How do I implement a query parameter in Postgres based on a constant table's row?-CodePudding

I have the following query:

-- Really fast
-- Explain Analyze: https://explain.depesz.com/s/lsq8
with start_time as (
  select '2022-06-02T17:45:43Z':: timestamp with time zone as time
)

-- 200x slower
-- Explain Analyze: https://explain.depesz.com/s/CavD
with start_time as (
  select last_update as time
  from processed.last_update
  where table_name = 'token_supply'
)

select  ident as ma_id
    ,   sum(quantity) as quantity
    ,   sum(quantity) filter (where quantity > 0) as quantity_minted
from public.ma_tx_mint
where exists (
  select id
  from public.tx
  where tx.id = ma_tx_mint.tx_id
    and exists (
      select id
      from public.block
      cross join start_time
      where block.id = tx.block_id
        and block.time >= start_time.time
    )
)
group by ident

I am trying to query records added to a table after a specified time. If the time is hard coded like in the first start_time the query runs in 0.2 seconds.
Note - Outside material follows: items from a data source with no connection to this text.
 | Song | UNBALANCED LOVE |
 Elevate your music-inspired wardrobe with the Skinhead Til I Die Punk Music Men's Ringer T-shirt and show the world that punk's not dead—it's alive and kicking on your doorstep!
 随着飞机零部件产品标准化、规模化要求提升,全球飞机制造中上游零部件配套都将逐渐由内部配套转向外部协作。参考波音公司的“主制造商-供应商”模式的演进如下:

In the case of the second start_time where I dynamically retrieve the time, the query runs for 40 seconds.

How can I get Postgres to treat these two cases identically and dynamically query the ma_tx_mint table based on another table's row?
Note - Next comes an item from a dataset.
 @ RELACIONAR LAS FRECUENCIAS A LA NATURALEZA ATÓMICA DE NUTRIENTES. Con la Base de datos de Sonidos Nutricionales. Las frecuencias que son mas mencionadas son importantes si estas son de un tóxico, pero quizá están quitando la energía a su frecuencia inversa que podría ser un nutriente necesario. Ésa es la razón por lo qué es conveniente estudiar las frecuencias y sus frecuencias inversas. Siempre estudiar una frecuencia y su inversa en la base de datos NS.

Version: PostgreSQL 13.6 on x86_64-pc-linux-gnu, compiled by Debian clang version 12.0.1, 64-bit

Tables:

create table public.ma_tx_mint (
    id bigint
  , quantity numeric
  , tx_id bigint
  , ident bigint
  , primary key(id)
);

create table public.tx (
    id bigint
  , block_id bigint
  , primary key(id)
);

create table public.block (
    id bigint
  , time timestamp with time zone
  , primary key(id)
);

create table processed.last_update (
    table_name varchar
  , last_update timestamp with time zone
  , primary key(table_name)
);

Explain Analyze:

fast: https://explain.depesz.com/s/lsq8
slow: https://explain.depesz.com/s/CavD

CodePudding user response：

The problem

Postgres has column statistics including histogram bounds. Your constant timestamp (fast variant) seems to be close to the latest few rows, so Postgres knows to expect very few qualifying rows from table block. And that estimate turns out ok:

Index Scan using idx_block_time on block (cost=0.43..14.29 rows=163 width=8)
                                         (actual time=0.825..1.146 rows=891 loops=1)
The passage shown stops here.